Binary diffing is a useful method for debugging issues in new builds, reverse engineering exploits from security patches, and updating tools to work with modified binary layouts. This article will compare:

For our test we will compare two DLLs while considering:

-rw-r--r-- 1 user user  28M Oct 18 18:22 big-A.dll
-rw-r--r-- 1 user user  18M Oct 18 18:22 big-B.dll
-rw-r--r-- 1 user user 7.2M Oct 18 16:27 small-A.dll
-rw-r--r-- 1 user user 7.2M Oct 18 16:27 small-B.dll

Ease of installation
Ease of use (includes overhead)
Accuracy of detecting differences
Extensibility

Intro to Diffing

Textual diffing is a common practice when reviewing patches in source-code.

        l2cap_add_conf_opt(&ptr, L2CAP_CONF_RFC,
                           sizeof(rfc), (unsigned long) &rfc, endptr - ptr);

-       if (test_bit(FLAG_EFS_ENABLE, &chan->flags)) {
+       if (remote_efs &&
            test_bit(FLAG_EFS_ENABLE, &chan->flags)) {
            chan->remote_id = efs.id;
            chan->remote_stype = efs.stype;
            chan->remote_msdu = le16_to_cpu(efs.msdu);

or when you are adding code to a Git repository. How does this work though?

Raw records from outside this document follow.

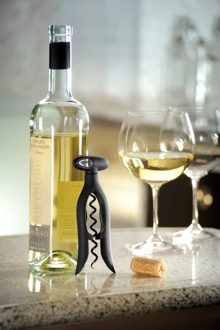 Der schwarz- und silberfarbige Korkenzieher MOLTOVINO von GEFU überzeugt durch sein tolles Design, seine Funktionalität und seine einfache Handhabung. Die Spindel des Korkenziehers ist beschichtet und dadurch leicht in den Korken eindrehbar. Die intelligente Mechanik ist so konstruiert, dass durch den Selbstzieher-Effekt nur ein geringer Kraftaufwand zum Öffnen nötig ist. Durch die hochwertige Verarbeitung liegt der Korkenzieher gut in der Hand.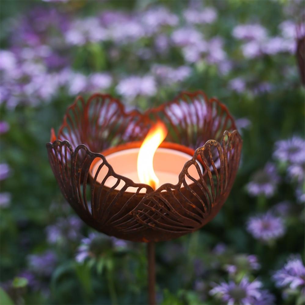 Vakker fakkelholder på pinne i rustet metall. Denne er inspirert av ginkgobladets unike form og årenett. Når flammen brenner, spres lyset gjennom bladets mønster og kaster myke skygger omkring seg – som et levende skyggespill i kveldsmørket. Ginkgo er en hyllest til naturens former og flammens stille skjær – like vakker tent som slukket.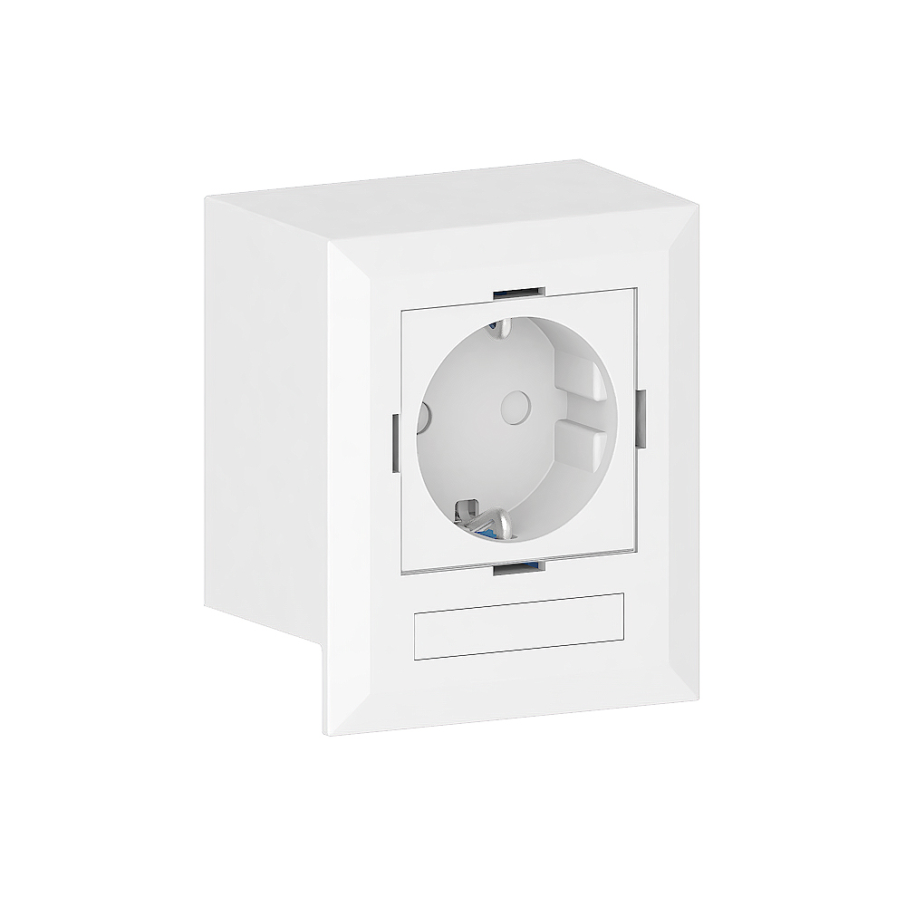 Support en saillie pour appareillages au format 45x45 mm positionnable sur le long de la goulotte à l'endroit souhaité et recouvrant la goulotte, avec prise encastrée, 0° droite, raccordement des câbles par bornes à fiches, 2 pà´les, 16 A/250 V~, avec bornes de connexion selon VDE 0620, approprié pour 1 fiche coudée ou fiche plate, avec protection accrue contre les contacts accidentels selon VDE 0620, avec couvercle recouvrant la goulotte .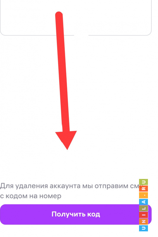 Укажите причину удаления и нажмите на кнопку, чтобы получить смс код для подтверждения удаления аккаунта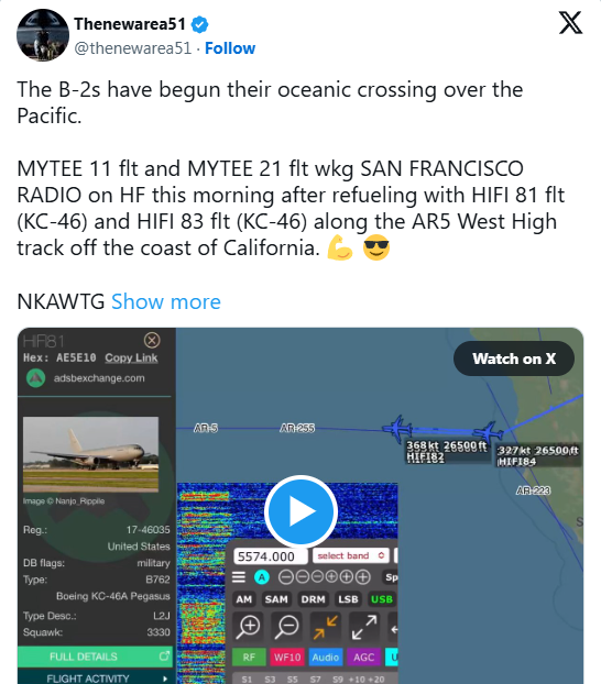 更关键的是,不少媒体注意到,在线航班跟踪数据以及公开的空中交通管制音频显示,有两组使用呼号Mytee 11和Mytee 21的B-2轰炸机于美国当地时间21日早上从怀特曼空军基地起飞,向西开始横跨太平洋之旅。由于这些轰炸机可能携带了能够摧毁伊朗关键的福尔多地下核设施的GBU57巨型钻地炸弹,因此它们起飞后不久就在加州附近的太平洋上空与加油机汇合进行空中加油,随后飞向关岛,这些信息也得到无线电爱好者的证实。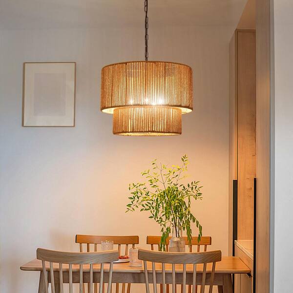 5 Light 2-Tier Black Drum Rattan Dimmable Chandelier for Kitchen Island with No Bulbs Included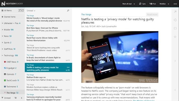 Nếu bạn theo dõi thông tin trải qua RSS, Nextgen Reader sẽ là một ứng dụng lý tưởng cho nhu yếu này. Với giao diện ngăn nắp và tương hỗ tốt cảm ứng hay bàn phím chuột truyền thống cuội nguồn, việc tìm kiếm và truy xuất những tin RSS trở nên thuận tiện hơn khi nào hết. Không những thế, bạn còn hoàn toàn có thể đính những kênh thông tin lên Start của Windows 10 để tiện theo dõi .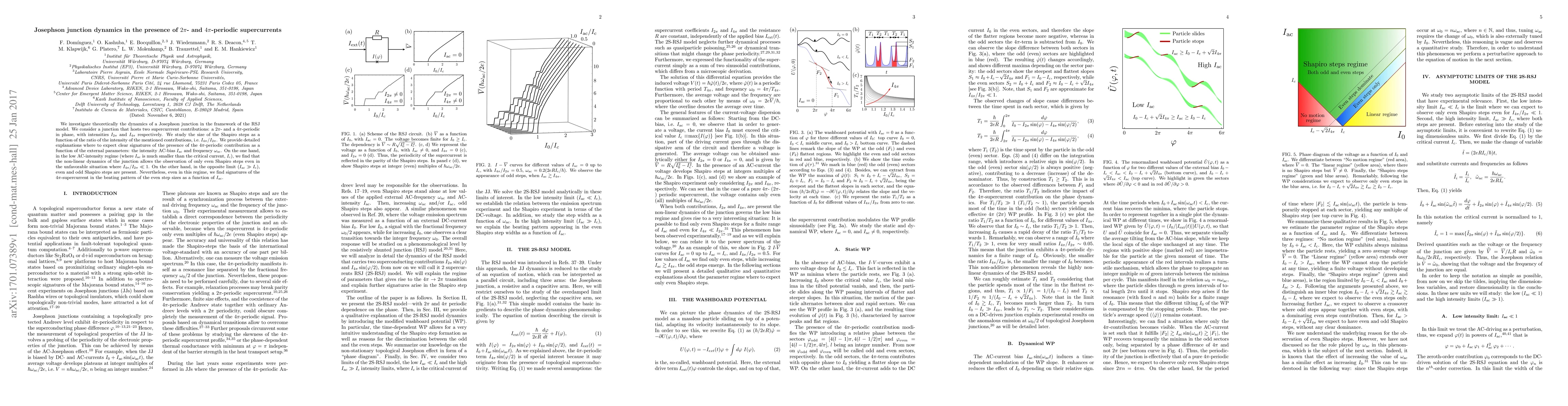This paper theoretically explores the dynamics of a Josephson junction with $2\pi$- and $4\pi$-periodic supercurrents using the RSJ model. It reveals that even Shapiro steps dominate in low AC-intensity regimes, while both even and odd steps appear with $4\pi$-periodic signatures in high AC-intensity regimes, particularly in the beating pattern of even steps.

Textual diffing revolves around finding the longest common subsequence between two texts.

A B C D E F
A   C D E  G

We can detect “edits” by identifying which strings have to be inserted or deleted to arrive at the new string. If we want to improve the output for code then we can operate on lexemes or entire lines instead of individual characters. Naturally, this increases complexity because the algorithm needs the ability to parse the input text as the target language.

Intro to Binary Diffing

Binary diffing is more complicated because we have to determine what a “difference” means.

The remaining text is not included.